La voz, la muerte y lo que queda

Ensayo sobre la muerte y la poesía de Edenilson Rivera

Dice Edenilson Rivera, autor del poemario Fabuladora de las nubes: «Así pues, hoy me pregunto qué nos queda de una voz cuando se va. Qué nos queda aún a nosotros que seguimos en el mundo. Por qué esperamos lo improbable cuando creemos que hay algo más allá de la finitud vital»


Edenilson Rivera | Poeta, licenciado en Letras y ensayista


Siempre está ahí la muerte: parece exhalarnos su aliento, aunque no la vemos. Sin embargo no quiero llamarla si la nombro ni quiero ser mal augurio para «el otro». En qué perdura todo lo que se acaba. Me lo pregunto a menudo. Pero cómo puede continuar aquello de lo que no tenemos certeza. En algún momento —hay cosas que solo se intuyen porque sí o le vienen a uno de alguna parte— creía presentir algo que se me anunciaba, algo que había pensado muchas veces, que me invadía la cabeza, acerca de que me era inconcebible que pudiese terminar la vida. «No puede ser así», me decía. Así pues, hoy me pregunto qué nos queda de una voz cuando se va. Qué nos queda aún a nosotros que seguimos en el mundo. Por qué esperamos lo improbable cuando creemos que hay algo más allá de la finitud vital.

A la vuelta de lo que nos parece una certeza, la vida (o la muerte) con un doblez o giro abrupto nos enseña algo que no comprendemos de inmediato. El dolor se ahonda en el alma y se agranda en oscura pesadumbre. Caemos. Y aquello más preciado que amamos nos abandona. Casi siempre solo se ama lo ausente. Estar, seguir aquí, para los que quedamos, o para los que queden, hay una luz o una idea que nos estremece. Algo nos hiere y nos alumbra casi junto al dolor. Pero esto no se le aviene fácil a la conciencia.

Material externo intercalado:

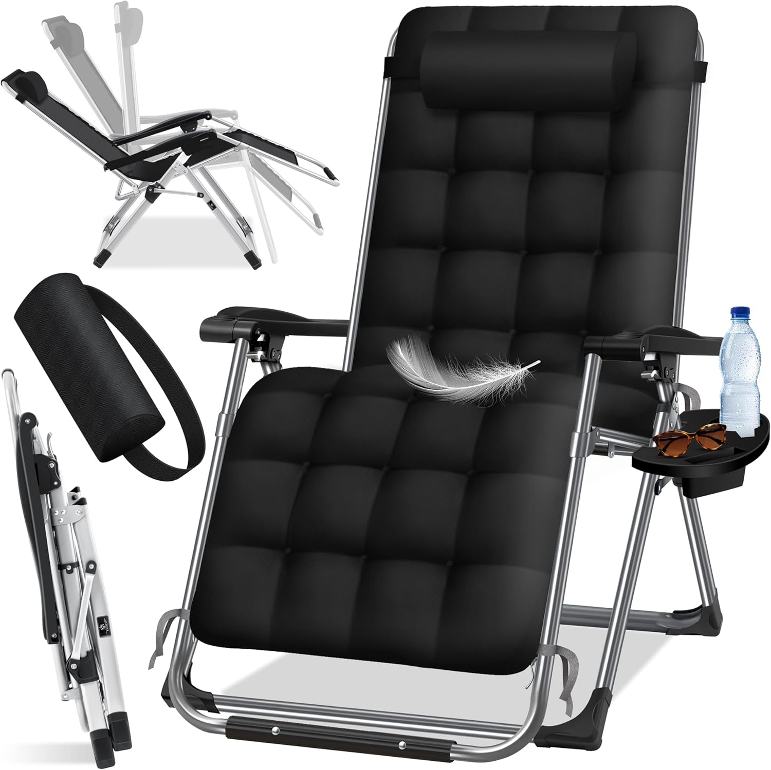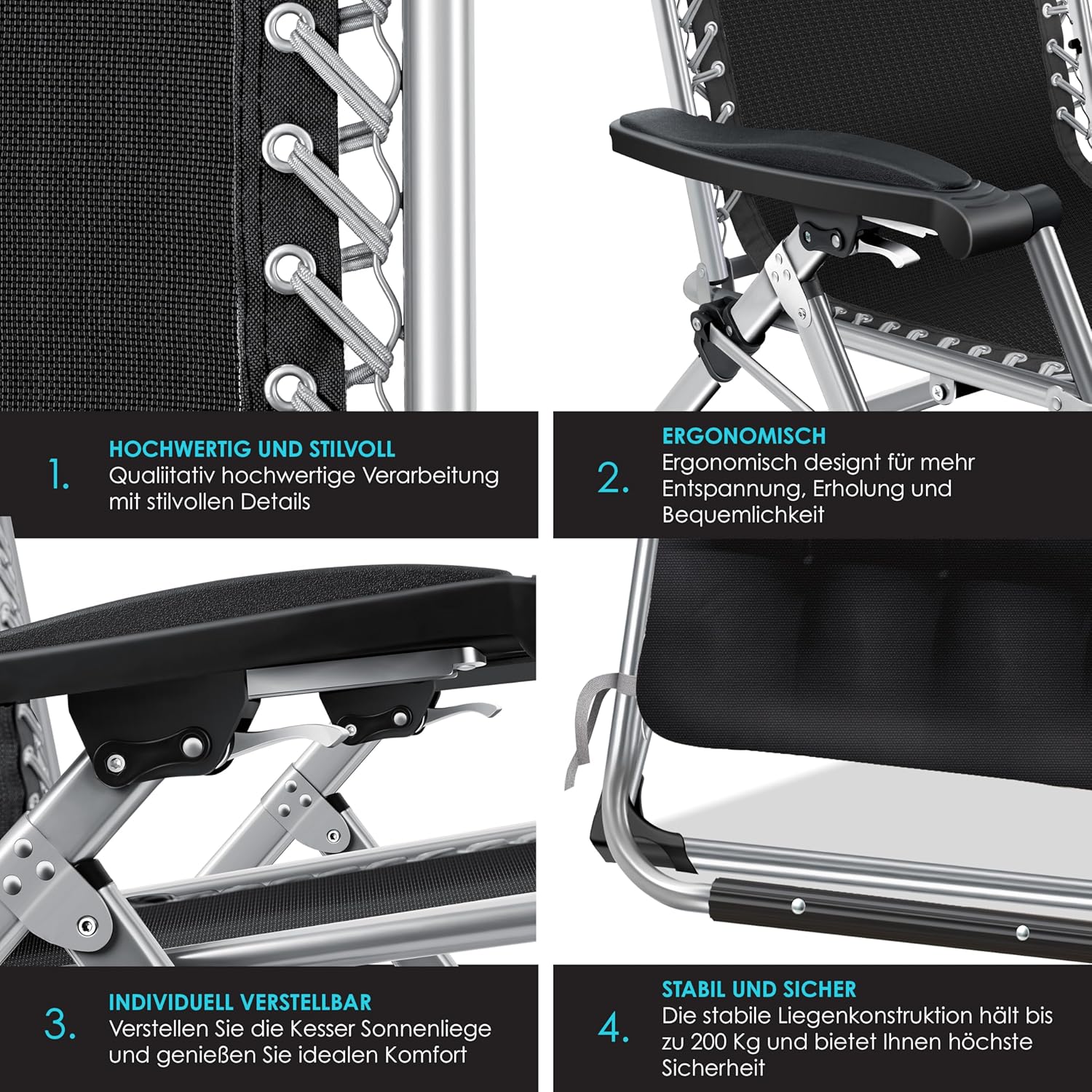 Geniet van de"Zero Gravity" positie en voel je gewichtloos en bevrijd van alle zorgen na een lange werkdag.Met de comfortabele en verstelbare bekleding kun je onbeperkt ontspannen en de positie van het ligbed op elk moment aanpassen.Leun tegen het comfortabele kussen en leg je voeten omhoog.Een geïntegreerde opbergtafel biedt genoeg ruimte voor drankjes, je smartphone of andere kleine voorwerpen.

Y las flores del gesto hablan de resignación y esperanza, sin saber bien cómo hay que continuar en el mundo. Cómo hacerle frente a la conciencia misma cuyo apego a lo sentimental se vuelve fuerte para sentir arraigo y certezas en el corazón.

Esa certidumbre no es providencia de las palabras. Lo sé. Los espejos más audaces de la poesía se vuelven mudos y se apagan ante ese inmenso agujero en el alma, aunque un cierto murmullo se resista, o por lo menos de esa manera pretendemos creerlo. El casi inaudible susurro de algo que creemos volar, que creemos que debe continuar, a pesar de que la muerte nos toque. De otros, tal vez, serán la luz y la voz que nos abandonen; de otros, el espejo atroz de la verdad: ese otro indefinible que no es unívoco para todas las conciencias. El contrasentido y matices de las cosas producen dolor y, a veces, un raro deslumbramiento que tarda en revelarse. Pero creemos que algo sigue con nosotros aunque su presencia nos evada.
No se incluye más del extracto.